There was never much chance President Bashar al-Assad would accept the Israeli invitation to Jerusalem.
Talks over the Golan Heights broke down in 2000
In the 1970s, President Sadat of Egypt flew to Israel for face-to-face negotiations which eventually led to the Camp David peace accord.
But Syria is not Egypt, and Mr Assad does not want to be another Sadat.
When the Syrian leader signalled his readiness for peace talks, in a New York Times interview on 1 December, he had something very different in mind.
His overture stemmed partly from a genuine desire to secure the return of the strategic Golan Heights, captured by Israel in 1967.
But it was also a response to American allegations that Syria has links to terrorism, is developing weapons of mass destruction, and is making trouble in Iraq.

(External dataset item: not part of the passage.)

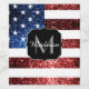USA flagga röd och blå gnistor glitter Monogram Vin-etikett. Anpassa sparsam etikett med ditt första märke och namn. USA flagga i röd och blå faux sparkles glitter. Vi användor bilder av gnistor och inte på glitter.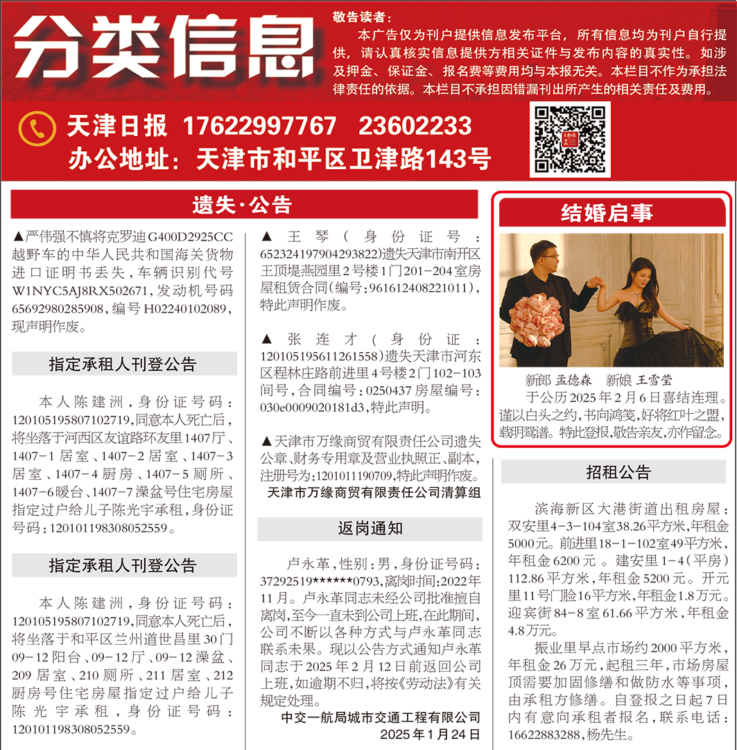 天津日报报业集团所属10报2刊所有作品,版权均属于天津日报报业集团,受《中华人民共和国著作权法》的保护。所有关于天津日报报业集团及其子报子刊内容产品的数字化应用,包括但不限于稿件签约、网络发布、转稿等业务,均需与天津日报报业集团商谈,与天津日报报业集团有互换稿件协议的网站,在转载数字报纸稿件时注明“来源-天津日报报业集团-XX报”和作者姓名,未与天津日报报业集团有协议的网站,谢绝转稿,违者必究。

Reviving Israeli-Syrian peace talks would be a way of deflecting sustained American pressure.
Israel's initial response was decidedly lukewarm.
But by early January, a full month after the New York Times interview, Israel was suddenly abuzz with speculation and debate about a "Syrian option".

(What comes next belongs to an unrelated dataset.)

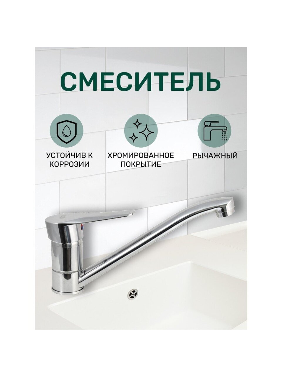 - Универсальность: оптимален для дома, дачи, квартиры — средний излив (20,5 см) для удобства мытья посуды и овощей

Several government ministers said Israel should welcome the Syrian overture - or at least not respond to it so sourly.
A centrist minister, Tommy Lapid, warned that Israel was in danger of looking like a "peace refusnik".
Prime Minister Ariel Sharon accordingly felt he should sound a bit more upbeat.
He made it clear he wanted peace with Syria, but set tough conditions.
The Syrians must first break their links with the Lebanese group Hezbollah and the Palestinian groups Hamas and Islamic Jihad - all of which Israel and the United States brand as terrorist.
Is a breakthrough likely?
There is some chance a discreet back-channel may be opened up so that Israelis and Syrians can explore one another's intentions.
The Israeli Foreign Minister, Silvan Shalom, has revealed there were indirect contacts seven or eight months ago, which were broken off after their existence was made public.
Israel accuses Syria of supporting terrorism
But Israeli analysts think Mr Sharon is only going through the motions.
Preoccupied with a controversial initiative on the Palestinian front, he has no interest in territorial withdrawal on the Golan as well.
Moreover he appears to be under no American pressure to engage with the Syrians.
For the Bush administration, the key issue is which side Syria is on in the "war on terror".
President Bush, like Prime Minister Sharon, seems more interested in punishing President Assad than rewarding him.